Kesulitannya kalau pakai BBM, saya enggak bisa share foto ke banyak orang. Kalau satu-satu kan ndak bisa, kontaknya ada 1000 lebih.
Pihak Blackberry sendiri enggak nyangka bahwa produk mereka ini bisa membantu saya memberi kabar bencana, untuk membantu kemanusiaan. Dia pernah ngambil profil saya untuk expo blackberry sedunia di Amerika.
Waktu saya di Global Platform, pertemuan kebencanaan dunia, jadi narasumber. Saya ceritakan pengalaman saya, termasuk memberi kabar bencana melalui BBM. Mereka tidak bisa, karena BlackBerry di negara lainkan sedikit.
Dalam kejadian bencana, kami tidak mungkin menunggu data harus lengkap semua baru dikirim informasinya. Jadi kadang salah sedikit tetap kami kirimkan dulu pada wartawan. Namanya bencana masa panik. Nanti setelah itu baru kami update terus.
Bencana datang tidak kenal waktu, punya waktu libur?
Bencana bisa terjadi kapan saja. Anehnya hampir setiap Sabtu-Minggu. Saya yakin teman-teman wartawan susah cari informasinya. Ya udah saya buat. Saya enggak pernah libur. Ini saya boleh bilang, harus hobi, harus panggilan jiwa. Media kan klien saya, mereka bisa membutuhkan saya kapan saja. Media kan mampu membantu kesiapsiagaan masyarakat saat bencana. Saya sejak jadi PNS ndak pernah cuti. Kalau Lebaran, pas ada bencana ya tetap saya carikan datanya.

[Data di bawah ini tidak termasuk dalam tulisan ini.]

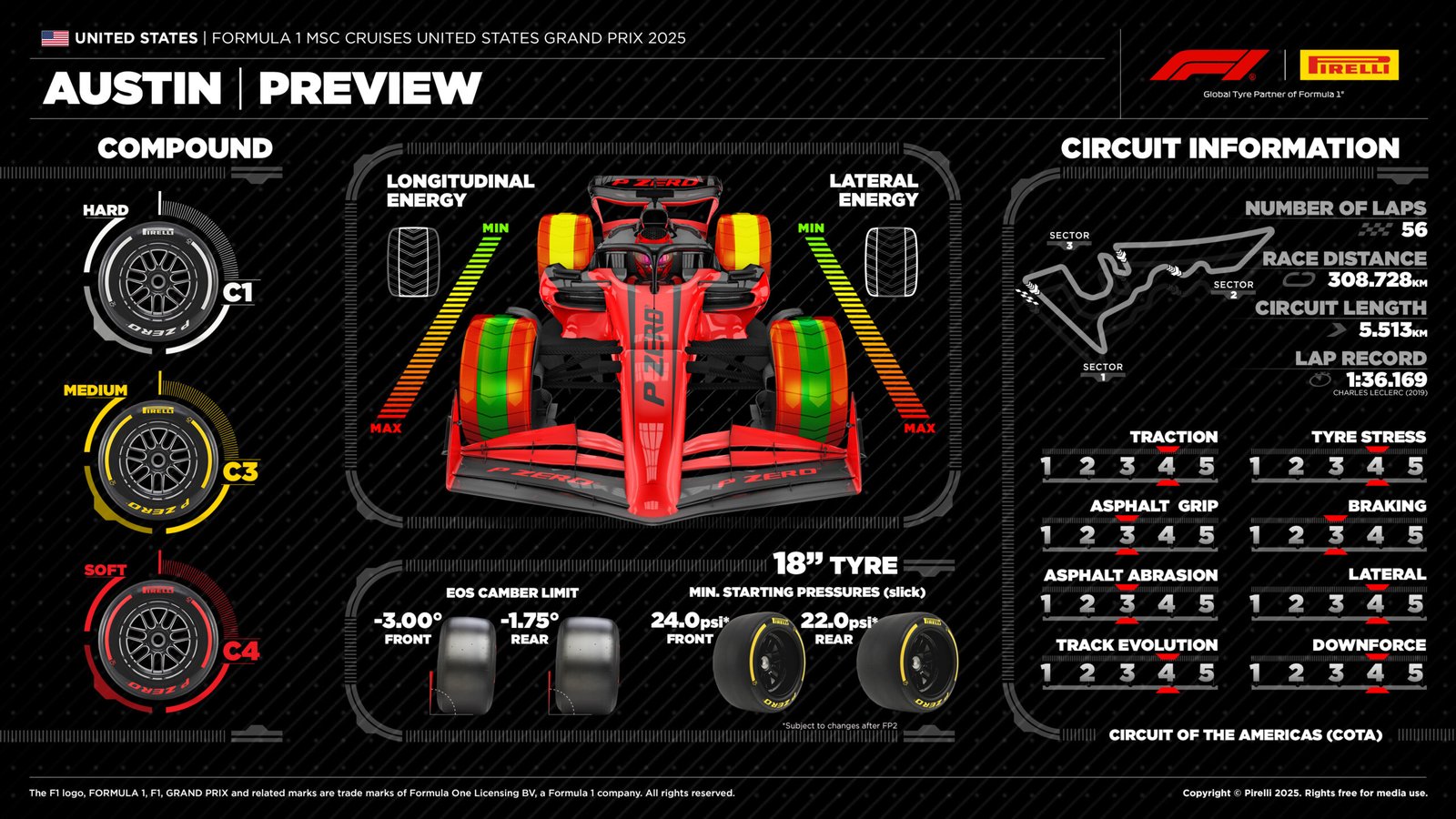 Em Austin eles ainda terão o evento Sprint, isso significa não ter muito tempo para avaliar os pneus em treinos livres, já que existe apenas uma sessão de 60 minutos na sexta-feira. No entanto, a corrida Sprint vai mostrar por quantas voltas a eficiência dos pneus macios ou médios pode oferecer de autonomia para a corrida principal, no domingo.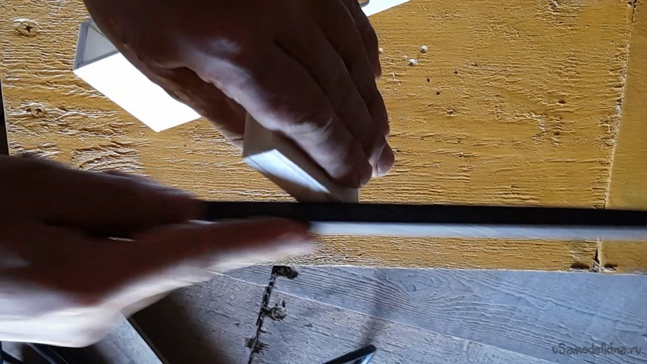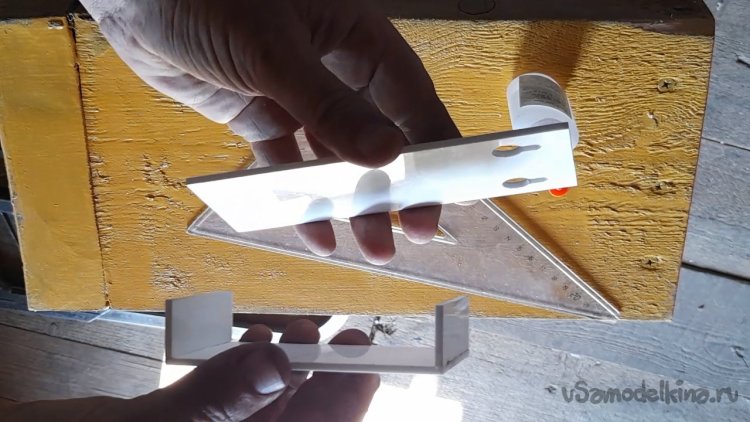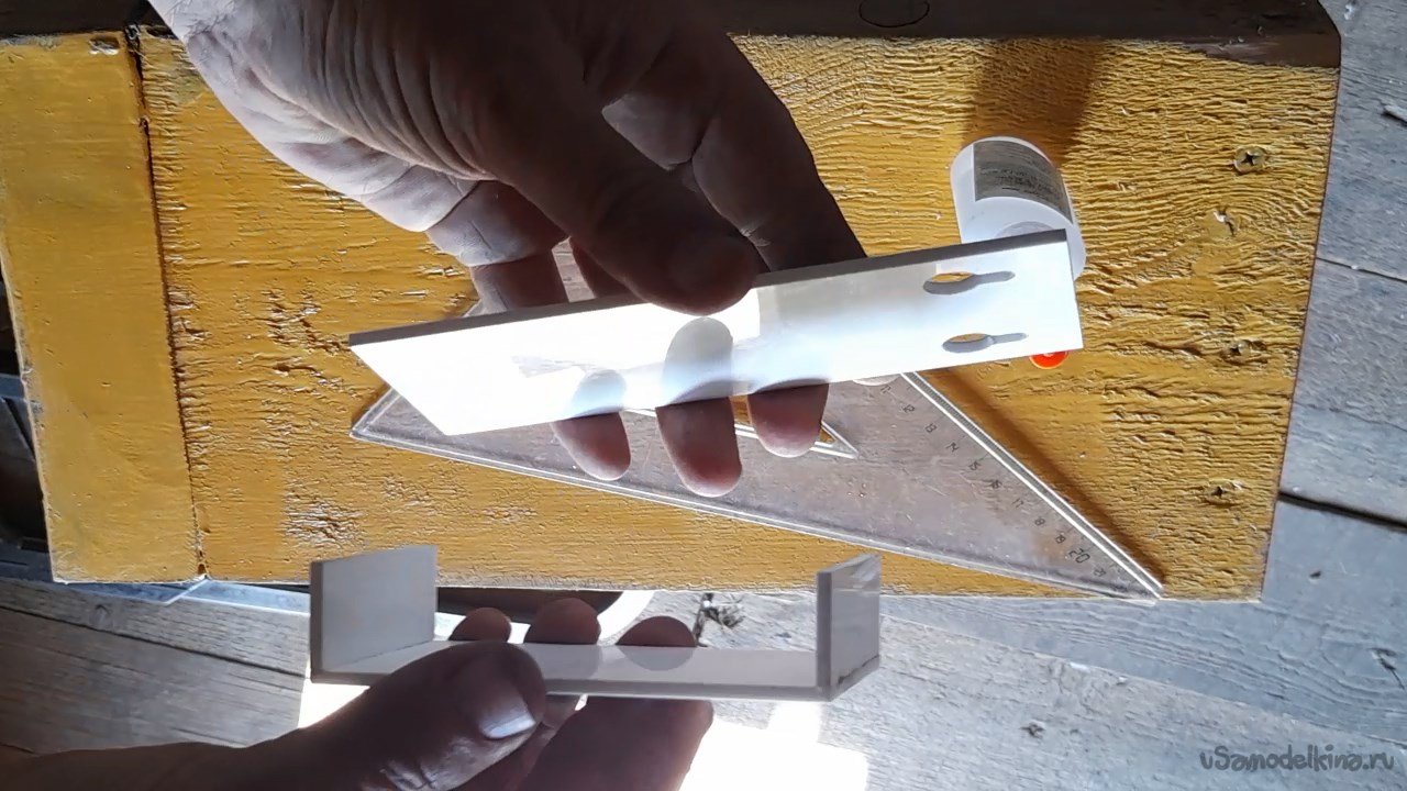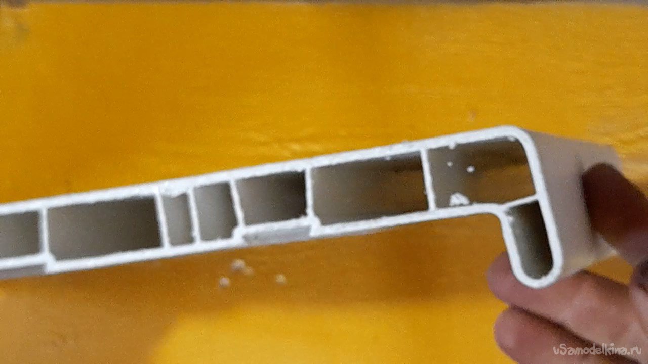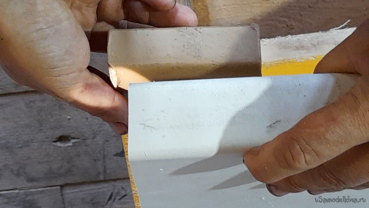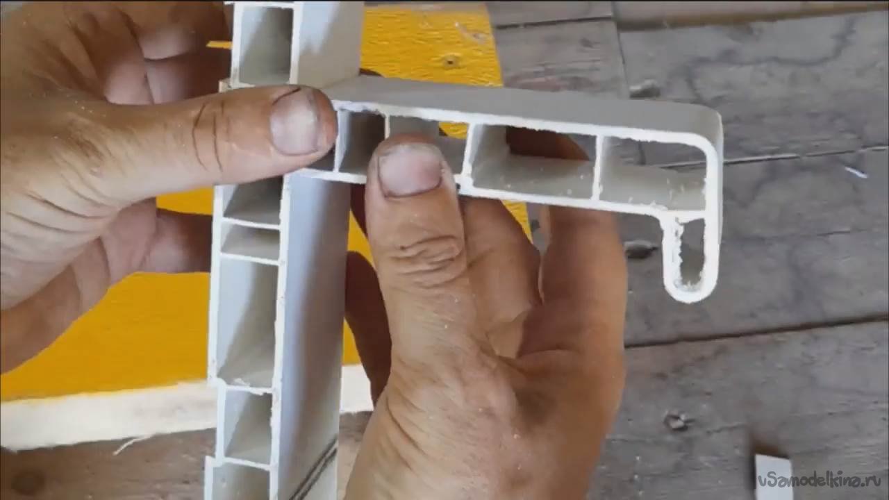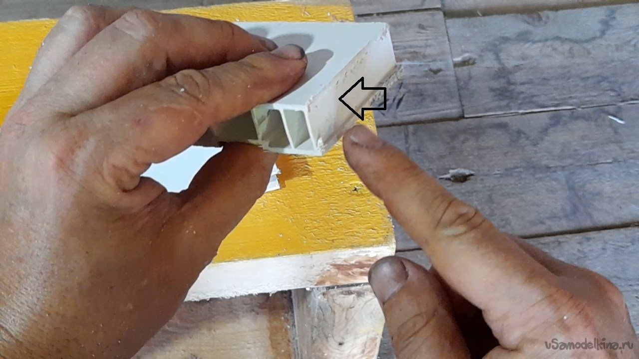 обрезок от пластикового подоконника. Прочерчу ровную линию и отпилю по линии для получения ровного края.

Saya kadang kalau lama enggak broadcast malah dicari wartawannya. 'Pak, ada berita apa, pak sakit ya atau di luar negeri? Kok enggak pernah broadcast'. Ada juga wartawan yang marah ke saya, dikiranya saya menghapus kontak BBMnya. Saya bilang, itu karena handphone saya rusak. Ringtone handphone saya kencangkan sampai full volume, 10 jadi kalau ada yang hubungi saya bisa segera respon.